### **Introduction to the Price Estimation Notebook**

This Jupyter Notebook demonstrates an AI-powered approach to estimating product prices using retrieval-augmented generation (RAG) with a combination of **sentence embeddings, a vector database, OpenAI's GPT-4o-mini model and DeepSeek's model**. The goal is to predict the price of an item by leveraging similar products stored in a vector database.

### **Notebook Workflow**
1. **Setup and Dependencies**  
2. **Loading and Processing Data**
3. **Vector Search for Similar Products**
4. **GPT-4o-mini Model for Price Prediction**

In [None]:
# Imports 

import os
import re
import math
import json
from tqdm import tqdm
import random
from dotenv import load_dotenv
from huggingface_hub import login
import matplotlib.pyplot as plt
import numpy as np
import pickle
from openai import OpenAI
from sentence_transformers import SentenceTransformer
from datasets import load_dataset
import chromadb
from utils.items import Item
from utils.testing import Tester

### **Evironment setup**

In [None]:
load_dotenv(override=True)
os.environ['OPENAI_API_KEY'] = os.getenv('OPENAI_API_KEY')
os.environ['HF_TOKEN'] = os.getenv('HF_TOKEN')

In [None]:
openai = OpenAI()


### **Load in the test pickle file for evaluation**


In [None]:
with open('test.pkl', 'rb') as file:
    test = pickle.load(file)

### **Create the make_context function:** 
- This function helps in constructing the context (message) that will be provided to the frontier model for price estimation.


In [None]:
def make_context(similars, prices):
    message = "To provide some context, here are some other items that might be similar to the item you need to estimate.\n\n"
    for similar, price in zip(similars, prices):
        message += f"Potentially related product:\n{similar}\nPrice is ${price:.2f}\n\n"
    return message

**The above function `make_context` creates a message with the context of similar items and their prices. It helps in constructing the context that will be provided to the GPT model for price estimation.**

In [None]:
def messages_for(item, similars, prices):
    system_message = "You estimate prices of items. Reply only with the price, no explanation"
    user_prompt = make_context(similars, prices)
    user_prompt += "And now the question for you:\n\n"
    user_prompt += item.test_prompt().replace(" to the nearest dollar","").replace("\n\nPrice is $","")
    return [
        {"role": "system", "content": system_message},
        {"role": "user", "content": user_prompt},
        {"role": "assistant", "content": "Price is $"}
    ]

**The above function prepares the messages to send to the frontier model. Includes a system message, user prompt with item context, and an assistant message template.**

In [None]:
DB = "products_vectorstore"


In [None]:
# Initialize and create a persistent client for the Chroma DB.

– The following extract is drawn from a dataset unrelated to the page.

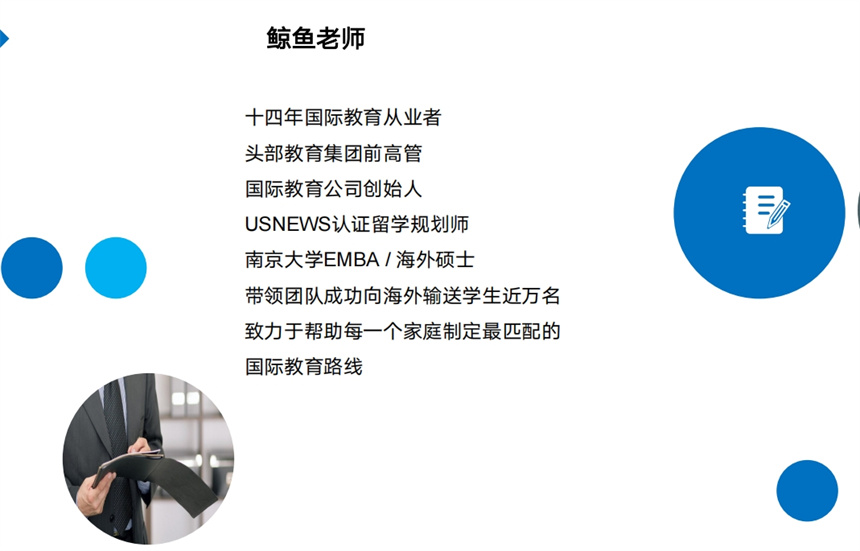 這里主要先介紹下關(guān)于北京5大美國留學(xué)口碑好的留學(xué)機(jī)構(gòu)名單排名匯總之一的鯨宇國際教育,鯨宇國際教育由資深留學(xué)行業(yè)經(jīng)驗(yàn)的師資創(chuàng)辦于南京專注世界TOP50名校規(guī)劃與申請,目前分別有團(tuán)隊(duì)base在南京,北京,上海。師資團(tuán)隊(duì)均具有頭部教育集團(tuán)5-15年工作經(jīng)驗(yàn),全海外學(xué)歷背景。鯨宇留學(xué)區(qū)別于大機(jī)構(gòu)的流水線作業(yè),致力于給學(xué)生提供更高端更精細(xì)化的服務(wù),幫助學(xué)生申請到超人均水平的理想目標(biāo)名校,實(shí)現(xiàn)滿意就業(yè)。

client = chromadb.PersistentClient(path=DB)
collection = client.get_or_create_collection('products')

In [None]:
def description(item):
    text = item.prompt.replace("How much does this cost to the nearest dollar?\n\n", "")
    return text.split("\n\nPrice is $")[0]

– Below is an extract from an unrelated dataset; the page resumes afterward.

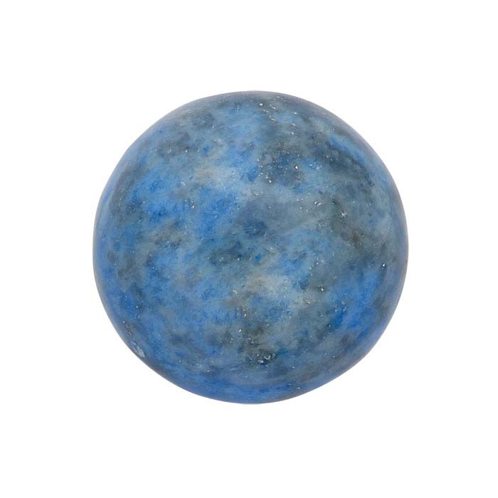 Featuring a range of blue colors and various dark and/or light patterning, this round denim lapis cabochon—named for its resemblance to denim—is an ideal choice for more casual jewelry designs. Use it by itself to create pendants or earring drops; pair it with an assortment of complementary-color gemstones to create more complex necklace designs. Denim lapis displays a range of blue colors, light to medium, with sometimes extensive white streaking and patterning that is reminiscent of denim jeans. The white veining is due to elevated calcite levels in the gemstone.Lapis lazuli is a metamorphic gem composed of lazurite, pyrite and calcite. It exhibits a shade of blue resulting from the relative color percentages of these minerals. Represented in folklore as a symbol of the starry night, lapis lazuli is said to stimulate the intellect and support wisdom.

**The `description` function extracts the description of an item for price estimation. It cleans up the input text to only include relevant details.**

In [None]:
description(test[0])

### **Get vector representaion of items**

In [None]:
model = SentenceTransformer('sentence-transformers/all-MiniLM-L6-v2')

In [None]:
def vector(item):
    return model.encode([description(item)])

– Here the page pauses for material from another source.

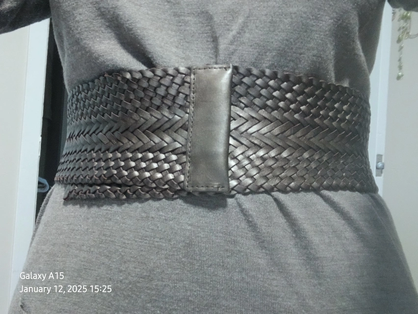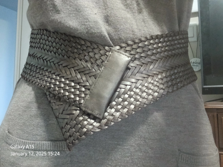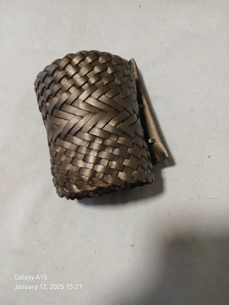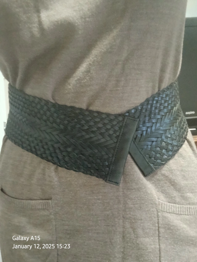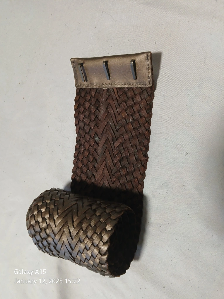 Unique wide woven leather belt. Available in black and bronze. Features a unique woven design and a simple closure. Stylish accessory for any outfit. $30 for the set of two belts. Pick up only.

**The `vector` function gets the vector representation of an item using a sentence transformer model. This will be used for querying similar items in the vector store.**

In [None]:
def find_similars(item):
    results = collection.query(query_embeddings=vector(item).astype(float).tolist(), n_results=5)
    documents = results['documents'][0][:]
    prices = [m['price'] for m in results['metadatas'][0][:]]
    return documents, prices

**The above function `(find_similars)`, finds the top 5 most similar items from the vector store using the encoded vector of the item. it returns both the descriptions and the corresponding prices of the similar items.**

In [None]:
print(test[1].prompt)

In [None]:
documents, prices = find_similars(test[1])

In [None]:
print(make_context(documents, prices))

In [None]:
print(messages_for(test[1], documents, prices))

In [None]:
def get_price(s):
    s = s.replace('$','').replace(',','')
    match = re.search(r"[-+]?\d*\.\d+|\d+", s)
    return float(match.group()) if match else 0

**The above function extracts the actual price from a formatted string (e.g., "$99.99"). This function handles various price formats and returns a float value.**

In [None]:
def gpt_4o_mini_rag(item):
    documents, prices = find_similars(item)
    response = openai.chat.completions.create(
        model="gpt-4o-mini", 
        messages=messages_for(item, documents, prices),
        seed=42,
        max_tokens=5
    )
    reply = response.choices[0].message.content
    return get_price(reply)

**The above function uses the GPT-4o-mini model to estimate the price of an item based on similar items. It returns the price predicted by the model for the item in question.**

In [None]:
# Test the function with a sample item.

gpt_4o_mini_rag(test[1])

In [None]:
# Actual price for comparison.

test[1].price

### **Test the model performance on a set of test data using the Tester class.**

In [None]:
Tester.test(gpt_4o_mini_rag, test)

###  **DeepSeek's API call implementation**

In [None]:
# Connect to DeepSeek using the OpenAI client python library

deepseek_api_key = os.getenv("DEEPSEEK_API_KEY")
deepseek_via_openai_client = OpenAI(api_key=deepseek_api_key,base_url="https://api.deepseek.com")

In [None]:
# Added some retry logic here because DeepSeek is very oversubscribed and sometimes fails..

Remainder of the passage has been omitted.